--- EXTRACTED ENTRIES ---

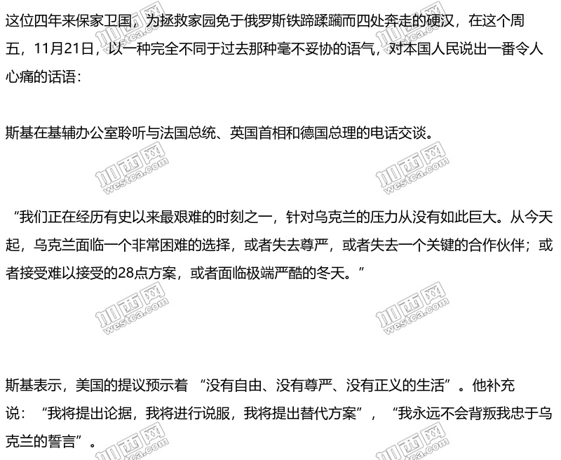 和平计画迫乌让步 乌总统:乌克兰史上最艰难抉择
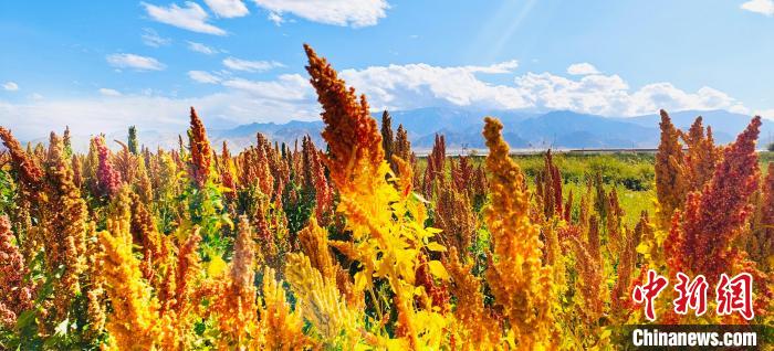 河西農(nóng)場農(nóng)民劉旦智種了30畝藜麥,紅色、白色、黑色的藜麥,在藍(lán)天白云的映襯下,勾勒出一幅高原秋收的美景圖?!敖衲贽见滈L勢(shì)不錯(cuò),一畝地大約600多斤,如果每斤按4塊錢算,一畝地可以收入3000多塊錢,經(jīng)濟(jì)效益很不錯(cuò)。我還種了40多畝枸杞,長勢(shì)跟去年差不多,1斤能賣20多塊錢?!眲⒌┲歉吲d地給記者算著賬。
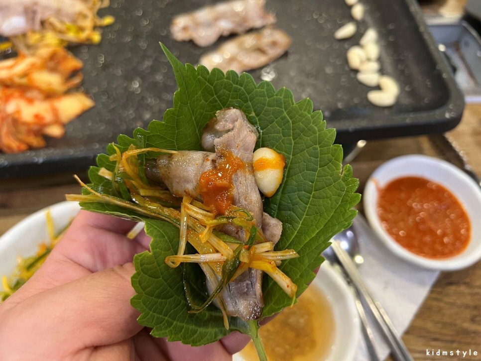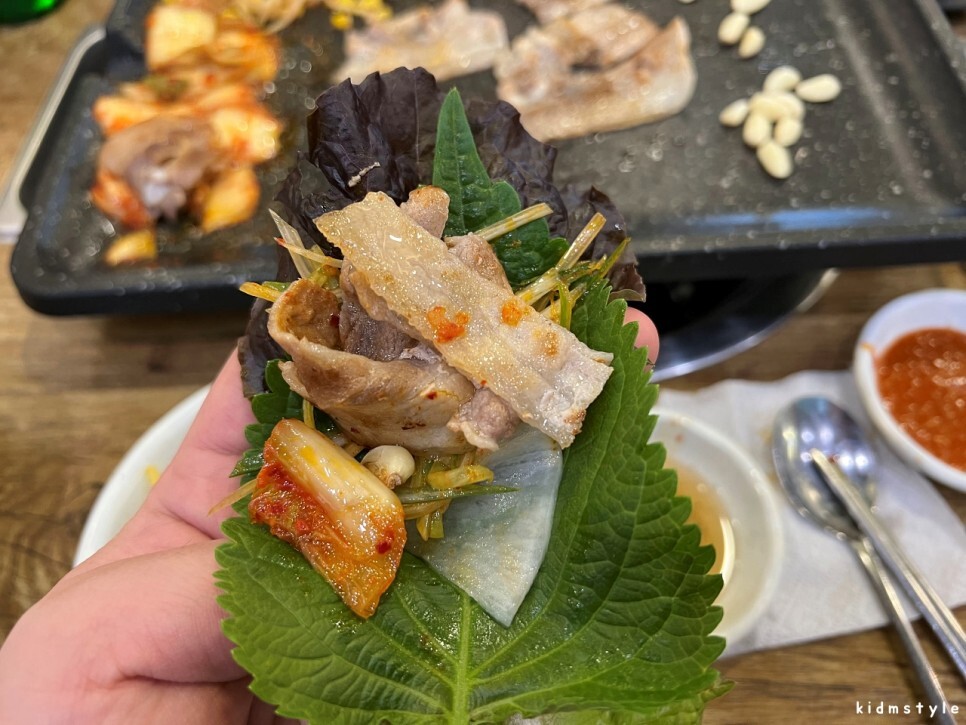 바삭하게 굽는 게 포인트이다. 물론 내 기준이다. 함께한 이는 허옇게 살짝 적당히 구운 것을 선호한다. 그렇게 구워도 상당히 맛이 있다. 깻잎 쌈 한 쌈 싸고 소주 한 잔 잔치고 맛보니 꿀맛.
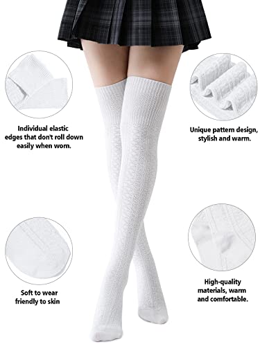 Kefiyis Dijen Hoge Sokken Dames Knie Hoge Sokken Over de Knie, Katoenen Sokken Lange Gebreide Warmer Kousen, Kleur: wit, Eén maat
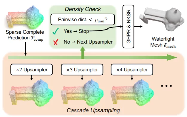 图4|推理阶段的几何加密:从稀疏补全到可用网格。系统先得到较稀疏的补全结果,再按照物理尺度做级联上采样,自适应提高几何分辨率,最后提取封闭(watertight)的网格模型,供后续覆盖规划使用
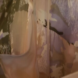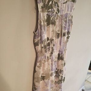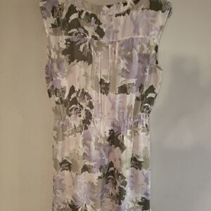 White Color, Multicolor Neutral Colors, Large Size, Round Neck, Polyester, Lightweight, Lined, Buttons, Pintucked At Chest, Sleeveless, Splash Print All Over, Above The Knee Lenght, Cinched Waist, Flattering Cut, Loose Fit, Soft, Comfortable Fit, Casual/Cocktail Wear Gently Wear, Exellent Condition.

--- WHAT NEEDS TO BE DONE ---
Go to the line containing "바삭하게 굽는 게 포인트이다.", then write out word for word every line from there to the end of the listing. Keep both end lines and drop the pictures.

--- EXPECTED ANSWER ---
 바삭하게 굽는 게 포인트이다. 물론 내 기준이다. 함께한 이는 허옇게 살짝 적당히 구운 것을 선호한다. 그렇게 구워도 상당히 맛이 있다. 깻잎 쌈 한 쌈 싸고 소주 한 잔 잔치고 맛보니 꿀맛.
 Kefiyis Dijen Hoge Sokken Dames Knie Hoge Sokken Over de Knie, Katoenen Sokken Lange Gebreide Warmer Kousen, Kleur: wit, Eén maat
 图4|推理阶段的几何加密:从稀疏补全到可用网格。系统先得到较稀疏的补全结果,再按照物理尺度做级联上采样,自适应提高几何分辨率,最后提取封闭(watertight)的网格模型,供后续覆盖规划使用
 White Color, Multicolor Neutral Colors, Large Size, Round Neck, Polyester, Lightweight, Lined, Buttons, Pintucked At Chest, Sleeveless, Splash Print All Over, Above The Knee Lenght, Cinched Waist, Flattering Cut, Loose Fit, Soft, Comfortable Fit, Casual/Cocktail Wear Gently Wear, Exellent Condition.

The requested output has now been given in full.